When the Reagans came to Washington in 1981 — no matter what your politics — it was an exciting time. They brought new ideas and challenged the worn-out tatters of New Deal liberalism. The “supply-siders” moved to center stage, supported by Milton Friedman’s monetary and public policy theories (which had been derided for decades by New Deal Keynesians).

But now, 30 years later, it is all gone. All this intellectual vitality — it drew its last breath with the nomination of Sarah Palin, described by Lilla as a woman “whose ignorance, provinciality and populist demagoguery represent everything older conservative thinkers once stood against.”

Reaganomics rested on three theoretical legs:

1) The “Laffer curve” opined that lower taxes on the wealthy would bring prosperity for all. They didn’t. 2) Reagan’s monetary policy suggested that if you lowered interest rates, you were always going to see the economy boom. It hasn’t.

3) As for deregulation, if some of it was good, more of it would be even better. Then came the savings and loan scandal, Enron, WorldCom, the collapse of the housing market and the bank meltdown.

Reagan conservatives had translated interesting and testable academic ideas into “Grand Theories” and then into dogmas. They abandoned pragmatism — sometimes called the “science of muddling through” — which the British have made work for centuries and Democratic administrations had made work for 50 years.

Republicans added one more ingredient to the bad brew: religious fundamentalism. Ever since it was embraced, it has confronted America, says Kevin Phillips, with “the peril and politics of radical religion, oil, and borrowed money in the 21st century.”

Enter Barack Obama. He faced a tsunami of a mess. At his amazing question-and-answer session at the Baltimore gathering of Republicans last week, he pointed out (citing CBO numbers) that more than 90 percent of the current national debt had accumulated either before he took office or before any of his policies, most notably the stimulus package, had taken effect. Add to that two wars, a collapsing banking system and near-Depression-level unemployment numbers.

Now, a year later, much remains to fix and the grumbling has begun. President Obama, some say, hasn’t been tough enough in fighting the forces that drove our economy into a ditch.

Is it that Obama hasn’t sufficiently demonized Wall Street?
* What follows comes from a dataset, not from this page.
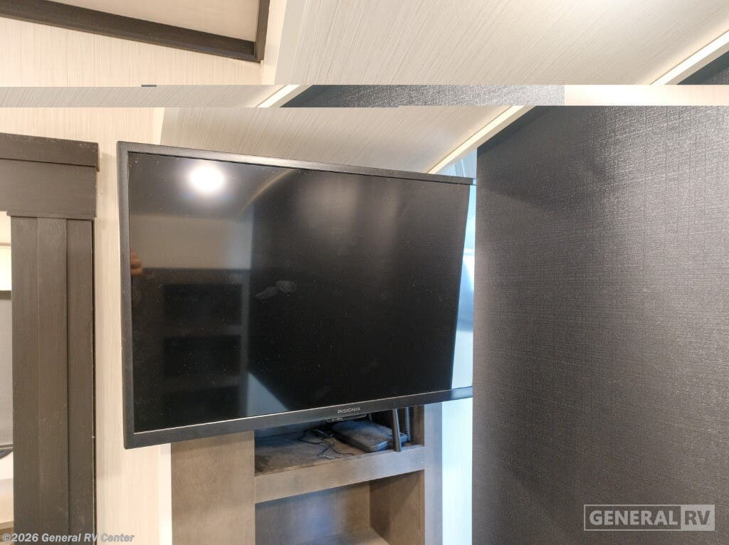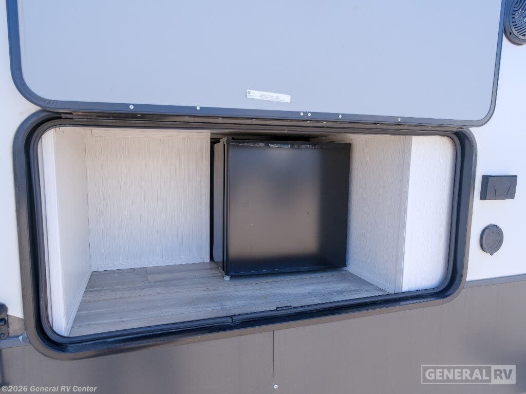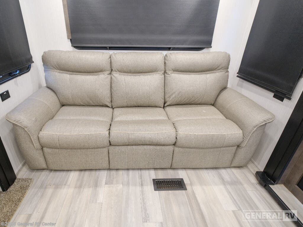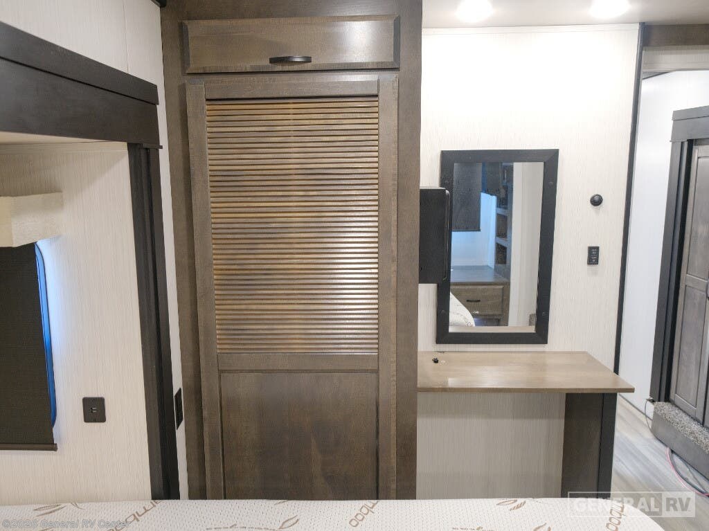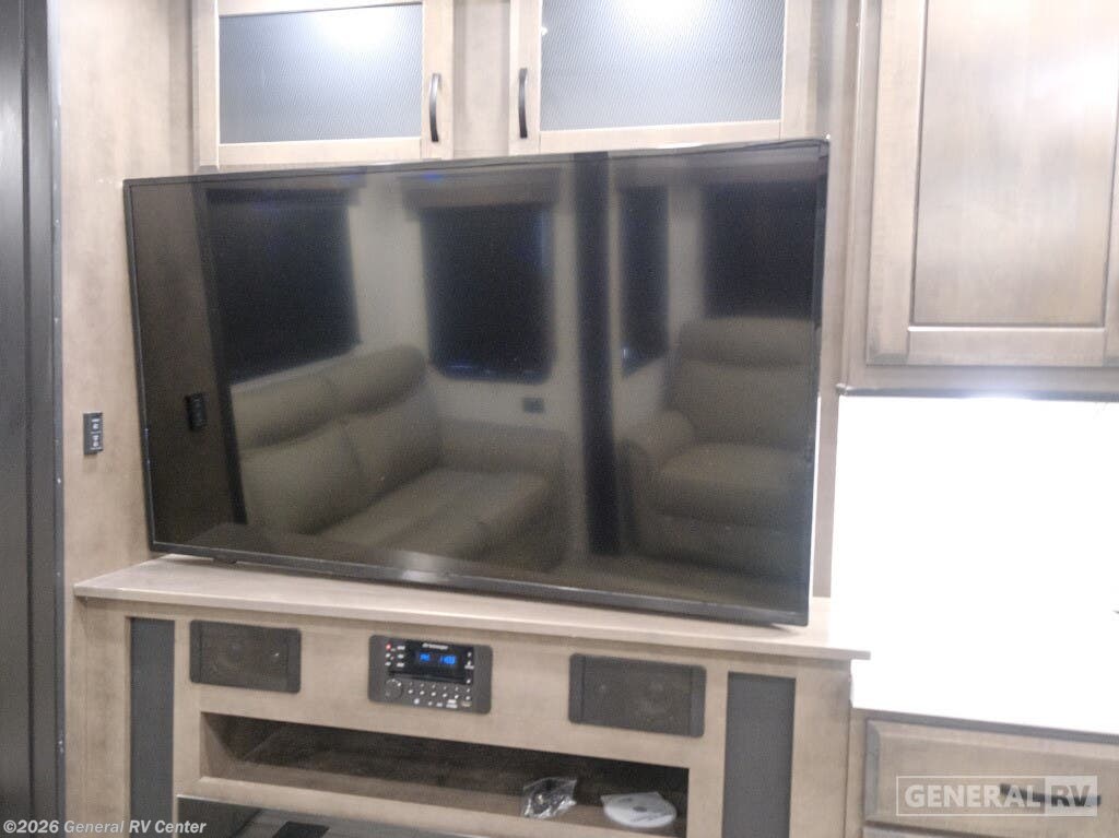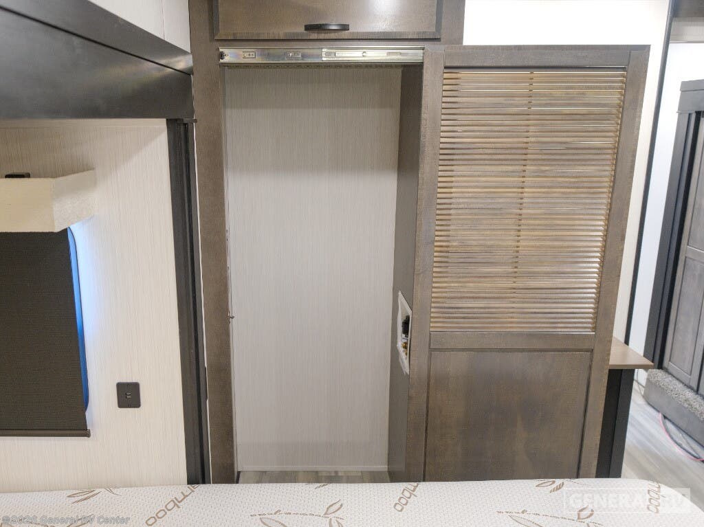 Experience the epitome of luxury travel with the 2022 Forest River Cedar Creek Champagne Edition 38EBS. This fifth wheel is designed to provide a home-like comfort while you explore the great outdoors. With its expansive 43-foot length and four slide-outs, it offers a spacious living area perfect for entertaining or relaxing. The rear living room features power theater seats and a cozy fireplace, creating an inviting atmosphere for movie nights or quiet evenings. The center kitchen, equipped with a full-size electric refrigerator and a four-burner cooktop, is a chef's delight, offering ample space and convenience for preparing your favorite meals. The front bedroom is a sanctuary of comfort, featuring a king-sized bed with abundant storage options, including a step-down dresser and a spacious wardrobe. The center bath boasts a 48-inch shower, ensuring a refreshing start to your day. Outside, the 21-foot powered retractable awning extends your living space, providing shade and comfort for outdoor gatherings. With a robust cargo capacity and all the amenities you need, the Cedar Creek Champagne Edition 38EBS is your perfect companion for unforgettable adventures. For more details, visit your nearest General RV Dealership.

That’s the populist complaint. But he knows that the one bright spot in the economy has been the stock market, which today means IRAs for the middle class. Demonize Wall Street and we risk a very jittery market taking another dive. Obama is smart enough to know not to fix one problem by creating another.

But he has spent too much time tilting at the windmills of bipartisanship. The stimulus fight should have told Obama all that he needed to know about his situation: The Republicans aren’t interested in bipartisanship. They meant it when they said they wanted to see him fail, and they aren’t about to give up their discredited dogmas.

Indeed, the President has struggled to find a saddle point between holding a Harvard seminar and taking a page from Richard Nixon’s political handbook: “Grab them by the balls, and their hearts and minds will follow.”

He can’t win by holding seminars. He would like to win without resorting to Nixon’s playbook. The Baltimore Q & A indicates that he is going to tackle this problem head-on.